→ **Work order**
Would you reproduce the entries exactly, including every line?

[Items listed in a dataset]
*** Begin section ***

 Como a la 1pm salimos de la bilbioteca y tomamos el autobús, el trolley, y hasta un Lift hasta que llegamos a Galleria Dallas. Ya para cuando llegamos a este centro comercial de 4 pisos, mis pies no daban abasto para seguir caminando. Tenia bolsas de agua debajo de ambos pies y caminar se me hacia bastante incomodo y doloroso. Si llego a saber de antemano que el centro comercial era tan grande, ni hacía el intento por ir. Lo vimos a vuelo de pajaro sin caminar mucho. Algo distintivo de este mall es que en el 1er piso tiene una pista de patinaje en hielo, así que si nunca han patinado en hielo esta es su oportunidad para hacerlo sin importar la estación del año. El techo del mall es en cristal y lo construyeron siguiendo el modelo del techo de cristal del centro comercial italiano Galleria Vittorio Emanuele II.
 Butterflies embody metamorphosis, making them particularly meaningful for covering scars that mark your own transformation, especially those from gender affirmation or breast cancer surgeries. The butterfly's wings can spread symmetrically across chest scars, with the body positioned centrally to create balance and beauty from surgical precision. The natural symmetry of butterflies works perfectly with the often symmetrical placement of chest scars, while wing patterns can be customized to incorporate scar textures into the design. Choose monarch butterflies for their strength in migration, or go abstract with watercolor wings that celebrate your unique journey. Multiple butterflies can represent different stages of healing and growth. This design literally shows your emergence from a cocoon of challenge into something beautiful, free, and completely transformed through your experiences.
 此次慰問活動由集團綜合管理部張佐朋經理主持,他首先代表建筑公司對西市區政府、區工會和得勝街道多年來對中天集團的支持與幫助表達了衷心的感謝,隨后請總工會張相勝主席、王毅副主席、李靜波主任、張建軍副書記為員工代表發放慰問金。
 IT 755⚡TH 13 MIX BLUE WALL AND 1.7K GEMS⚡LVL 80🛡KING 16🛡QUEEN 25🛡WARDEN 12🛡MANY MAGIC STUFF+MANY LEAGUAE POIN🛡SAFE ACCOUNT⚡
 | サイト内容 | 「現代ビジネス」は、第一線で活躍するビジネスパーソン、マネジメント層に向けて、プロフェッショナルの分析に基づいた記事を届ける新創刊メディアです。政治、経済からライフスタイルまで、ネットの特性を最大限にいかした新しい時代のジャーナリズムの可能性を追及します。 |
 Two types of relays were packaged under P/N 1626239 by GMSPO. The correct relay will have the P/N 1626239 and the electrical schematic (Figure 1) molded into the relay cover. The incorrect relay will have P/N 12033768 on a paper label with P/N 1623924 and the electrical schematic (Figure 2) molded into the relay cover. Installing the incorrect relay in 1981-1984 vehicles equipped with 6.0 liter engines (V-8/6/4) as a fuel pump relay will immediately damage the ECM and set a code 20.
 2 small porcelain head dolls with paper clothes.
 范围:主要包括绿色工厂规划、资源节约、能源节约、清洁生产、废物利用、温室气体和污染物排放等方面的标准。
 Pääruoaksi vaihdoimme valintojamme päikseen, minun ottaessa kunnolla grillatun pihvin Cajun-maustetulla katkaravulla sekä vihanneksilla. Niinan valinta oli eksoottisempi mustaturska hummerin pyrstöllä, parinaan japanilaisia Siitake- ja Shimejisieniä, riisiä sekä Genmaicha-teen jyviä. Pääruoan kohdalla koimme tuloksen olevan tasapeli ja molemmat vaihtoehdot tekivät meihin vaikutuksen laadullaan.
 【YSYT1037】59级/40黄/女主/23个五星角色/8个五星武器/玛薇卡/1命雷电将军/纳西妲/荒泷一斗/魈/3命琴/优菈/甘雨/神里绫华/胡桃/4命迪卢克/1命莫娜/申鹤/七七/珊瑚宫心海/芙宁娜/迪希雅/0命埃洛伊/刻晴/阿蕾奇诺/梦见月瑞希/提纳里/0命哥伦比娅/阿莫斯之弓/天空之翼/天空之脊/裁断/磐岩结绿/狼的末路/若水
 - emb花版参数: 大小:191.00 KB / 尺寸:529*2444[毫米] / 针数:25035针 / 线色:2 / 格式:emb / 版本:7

*** End section ***

→ **Solution to this task**
 Como a la 1pm salimos de la bilbioteca y tomamos el autobús, el trolley, y hasta un Lift hasta que llegamos a Galleria Dallas. Ya para cuando llegamos a este centro comercial de 4 pisos, mis pies no daban abasto para seguir caminando. Tenia bolsas de agua debajo de ambos pies y caminar se me hacia bastante incomodo y doloroso. Si llego a saber de antemano que el centro comercial era tan grande, ni hacía el intento por ir. Lo vimos a vuelo de pajaro sin caminar mucho. Algo distintivo de este mall es que en el 1er piso tiene una pista de patinaje en hielo, así que si nunca han patinado en hielo esta es su oportunidad para hacerlo sin importar la estación del año. El techo del mall es en cristal y lo construyeron siguiendo el modelo del techo de cristal del centro comercial italiano Galleria Vittorio Emanuele II.
 Butterflies embody metamorphosis, making them particularly meaningful for covering scars that mark your own transformation, especially those from gender affirmation or breast cancer surgeries. The butterfly's wings can spread symmetrically across chest scars, with the body positioned centrally to create balance and beauty from surgical precision. The natural symmetry of butterflies works perfectly with the often symmetrical placement of chest scars, while wing patterns can be customized to incorporate scar textures into the design. Choose monarch butterflies for their strength in migration, or go abstract with watercolor wings that celebrate your unique journey. Multiple butterflies can represent different stages of healing and growth. This design literally shows your emergence from a cocoon of challenge into something beautiful, free, and completely transformed through your experiences.
 此次慰問活動由集團綜合管理部張佐朋經理主持,他首先代表建筑公司對西市區政府、區工會和得勝街道多年來對中天集團的支持與幫助表達了衷心的感謝,隨后請總工會張相勝主席、王毅副主席、李靜波主任、張建軍副書記為員工代表發放慰問金。
 IT 755⚡TH 13 MIX BLUE WALL AND 1.7K GEMS⚡LVL 80🛡KING 16🛡QUEEN 25🛡WARDEN 12🛡MANY MAGIC STUFF+MANY LEAGUAE POIN🛡SAFE ACCOUNT⚡
 | サイト内容 | 「現代ビジネス」は、第一線で活躍するビジネスパーソン、マネジメント層に向けて、プロフェッショナルの分析に基づいた記事を届ける新創刊メディアです。政治、経済からライフスタイルまで、ネットの特性を最大限にいかした新しい時代のジャーナリズムの可能性を追及します。 |
 Two types of relays were packaged under P/N 1626239 by GMSPO. The correct relay will have the P/N 1626239 and the electrical schematic (Figure 1) molded into the relay cover. The incorrect relay will have P/N 12033768 on a paper label with P/N 1623924 and the electrical schematic (Figure 2) molded into the relay cover. Installing the incorrect relay in 1981-1984 vehicles equipped with 6.0 liter engines (V-8/6/4) as a fuel pump relay will immediately damage the ECM and set a code 20.
 2 small porcelain head dolls with paper clothes.
 范围:主要包括绿色工厂规划、资源节约、能源节约、清洁生产、废物利用、温室气体和污染物排放等方面的标准。
 Pääruoaksi vaihdoimme valintojamme päikseen, minun ottaessa kunnolla grillatun pihvin Cajun-maustetulla katkaravulla sekä vihanneksilla. Niinan valinta oli eksoottisempi mustaturska hummerin pyrstöllä, parinaan japanilaisia Siitake- ja Shimejisieniä, riisiä sekä Genmaicha-teen jyviä. Pääruoan kohdalla koimme tuloksen olevan tasapeli ja molemmat vaihtoehdot tekivät meihin vaikutuksen laadullaan.
 【YSYT1037】59级/40黄/女主/23个五星角色/8个五星武器/玛薇卡/1命雷电将军/纳西妲/荒泷一斗/魈/3命琴/优菈/甘雨/神里绫华/胡桃/4命迪卢克/1命莫娜/申鹤/七七/珊瑚宫心海/芙宁娜/迪希雅/0命埃洛伊/刻晴/阿蕾奇诺/梦见月瑞希/提纳里/0命哥伦比娅/阿莫斯之弓/天空之翼/天空之脊/裁断/磐岩结绿/狼的末路/若水
 - emb花版参数: 大小:191.00 KB / 尺寸:529*2444[毫米] / 针数:25035针 / 线色:2 / 格式:emb / 版本:7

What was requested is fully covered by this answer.